Principal photography commenced on 4 March 2015 and lasted for four months. Paayum Puli was shot predominantly in and around Chennai and other parts of Tamil Nadu in 75 working days. The film was released on 4 September 2015 worldwide in its Tamil version as Paayum Puli and in its Telugu version as Jayasurya.

==Plot==
In Madurai, a gang kidnaps top businessmen in the city and demands a sum of ₹2 crore for their release or the victims will be killed. The dead bodies are placed beneath a bridge. Bhavani and Lal are the main culprits behind the kidnaps. SI Albert cracks the case and encounters the kidnappers involved in the kidnap, but gets publicly killed by Bhavani. Albert's parents eventually commit suicide. Jayaseelan is the new ACP who gets deputed in Madurai, and is appointed by the special branch to eliminate Bhavani and his gang in police encounters. He also lives with his father, mother and his brother Selvam. Murugesan is the head constable and a close friend of Jayaseelan.

Meanwhile, Jayaseelan meets Sowmya and falls in love with her.
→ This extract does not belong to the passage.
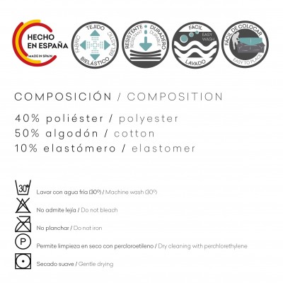 Dada su composición, estas fundas se secan con rapidez y mantienen su elasticidad, permitiendo numerosos lavados sin perder su forma o color.

Later, Jayaseelan pretends to hold a meeting with Bhavani and his gang to finalize his commission so he will never interfere in their illegal activities, where he encounters two of Bhavani's men. Bhavani is frightened, knowing that someone has set an eye on him that and he will be the next target. Jayaseelan tracks down Bhavani and kills him. Just before dying, Bhavani challenges Jayaseelan that all of the kidnapping incidents will continue after his death, which leaves Jayaseelan puzzled. It is later revealed that Selvam is actually the mastermind behind all the kidnapping incidents, and is the close friend of Lal. Both are involved in planning the kidnappings and murdering the businessmen, while Bhavani is involved only to execute the plan.

Past: Jayaseelan and Selvam's grandfather Ramasamy is a famous freedom fighter, and is widely respected by the local people. He also serves as a minister for 4 terms and is known for his genuineness and loyalty. However, Ramasamy's son Kumarasamy (Jayaseelan and Selvam's father) is not interested in politics and preferred to stay away from all politics following his father's death. Singarasu, a local politician and Kumarasamy's cousin, decides to bank on Ramasamy's political support for his victory. Singarasu convinces Selvam to support his party, for which Selvam agrees. Singarasu won in the election, became an MLA and a minister for 5 years.

Selvam is encouraged by a few party men to contest for the same MLA seat during the next election, but Singarasu is the man behind the plan and wants to defeat Selvam to show his power. Selvam trusts a few friends, but later understands Singarasu's plan and loses the election, as Singarasu provided money to vote for him to the public. This enrages Selvam, and decides to earn money and use it for election purposes. He makes his lawyer friend Pankaj Lal to earn Singarasu's confidence and collect all the information about his illegal activities, while they also heavily involve in kidnapping rich businessmen in the city and demanding money.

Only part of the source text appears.